Who Bought the Guennol Lioness?
The above headline is a shameless tease, because I don't know the answer...yet. But I do know CultureGrrl readers are fascinated by the subject, because you've been hitting my previous two posts about the tiny, exquisite limestone carving (here and here) in record numbers today, making me Number Four, at this writing, on the Guennol Google-search hit parade.
Harold Holzer, senior vice president for external affairs at the Metropolitan Museum, assured me that his institution had nothing to do with this purchase. It had seemed reasonable to suppose that the Met might have been interested, because of its previous displays of the object and its recent winning bid on another Elamite object. But the copper figure of a horned hero, sold by the Albright-Knox Gallery, cost a pittance ($3.18 million) compared to the $57.16 million for the 3ΒΌ-inch limestone carving, which was in Duccio territory, price-wise. A museum can only stretch so far.
Jerome Eisenberg, director of New York's Royal-Athena Galleries, said that he didn't know the identity of the ultimate buyer, but he did know that the buyer's agent, who had been bidding from the back of the salesroom, was "a minor dealer from London," who was familiar to Eisenberg.
New York ancient art dealer Robert Haber, who had bid on behalf of the Met for its earlier purchase, told me that the identity of the person who bagged the lioness has been the subject of "tremendous, wild speculation" and was the "best-kept secret that has occurred in our area."
Haber added:
It really is an incredible seachange in the world of ancient art. This area is finally getting its due, as a profoundly interesting area to collect in....This is a magnificent piece. It represents an apprecation within the world of ancient art that there are great variations in quality between the ordinary material and exceptional masterpieces.
Not to mention the fact that the market will pay a premium for pieces with known provenances that go back far enough to keep repatriationists at bay.
Meanwhile, Christie's held its own antiquities sale today. That auction made $7.24 million, compared to Sotheby's $64.96 million the day before.

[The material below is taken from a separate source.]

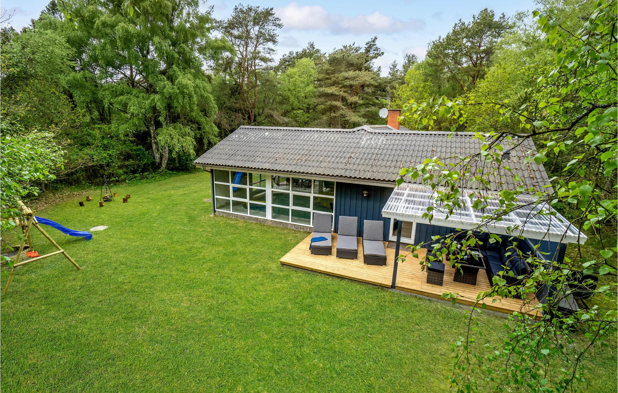 Til huset hører en dejlig terrasse, hvor I kan nyde ferien i fulde drag. Her kan I spise jeres morgenmad og nyde solen eller læse en god bog i løbet af dagen, mens børnene gynger eller leger i sandkassen på den store grund. Om aftenen kan I tænde op i grillen og tilberede et lækkert feriemåltid.

But then Sotheby's sale would have made only $7.8 million, were it not for the star lot.
Eisenberg also observed that prices at both auctions were "absolutely obscene," going for three or four times their estimates. He said that his own sales volume has "doubled in the last year," with collectors entering the antiquities field from Russia and the Middle East, as well as from the worlds of hedge funds and real estate investment.
"In June," he said, "I sold an object for well over $1 million to a real estate investor from California who had never bought an antiquity before."